AFTER her husband’s harrowing death, radio host Robin Bailey forged ahead for the sake of her family — and found love again. But now the couple face a wrenching new battle.

Robin Bailey has found a new partner in Sean Pickwell. (Pic: Liam Kidston)
Robin Bailey has found a new partner in Sean Pickwell. (Pic: Liam Kidston)

OH GOD! Could you imagine me trying to do Tinder?” Robin Bailey lets loose with a throaty chuckle, shaking her head as she ponders the logistics of entering the online dating fray.

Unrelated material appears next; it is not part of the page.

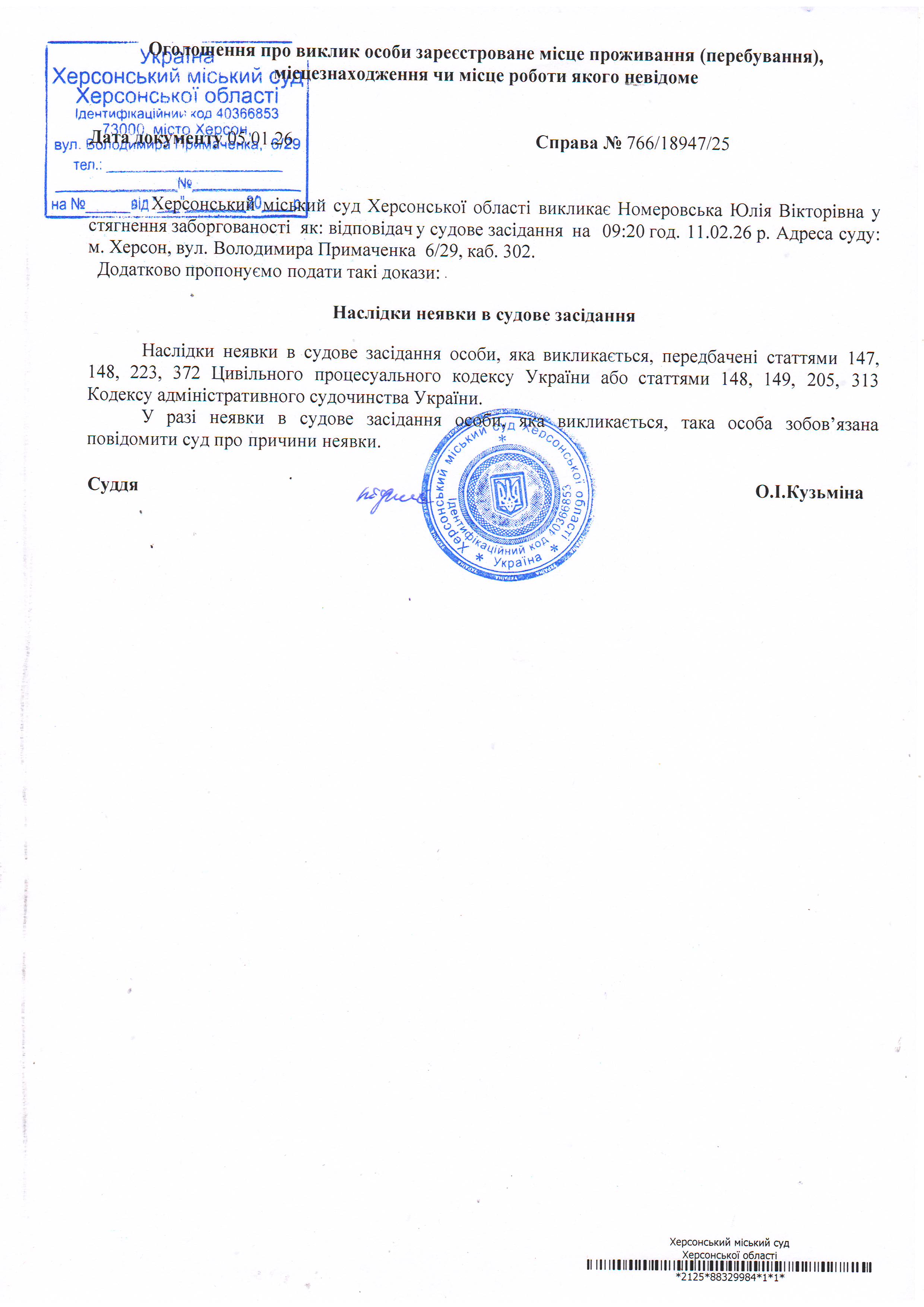 ОГОЛОШЕННЯ ПРО ВИКЛИК ДО СУДУ

“What would I say? ‘I’m a single mother of three teenage boys and I get up at 3am?’

“Rock on, chick!”

The vibrant redhead — a staple on Brisbane breakfast radio for the better part of the past 20 years and a familiar face on the Nine Network’s Weekend Today — was not looking for love when it ran right into her, in the form of now-beau Sean Pickwell, at a 2015 concert headlined by retro Australian acts including Eurogliders and Wendy Matthews.

“I walked in backstage and literally bumped into her with a mouth full of food,” Pickwell recalls. Recognition came instantly — the romantic connection did not, at least not on Bailey’s end.

Pickwell readily confesses, “There was something... certainly from my side, there was something. Little bells went off, a little spark of electricity.”

For Bailey, however, an evening spent talking about “life, the universe and everything” to a thumping soundtrack of ’80s hits was nothing more than a lovely, spontaneous catch-up with a former colleague.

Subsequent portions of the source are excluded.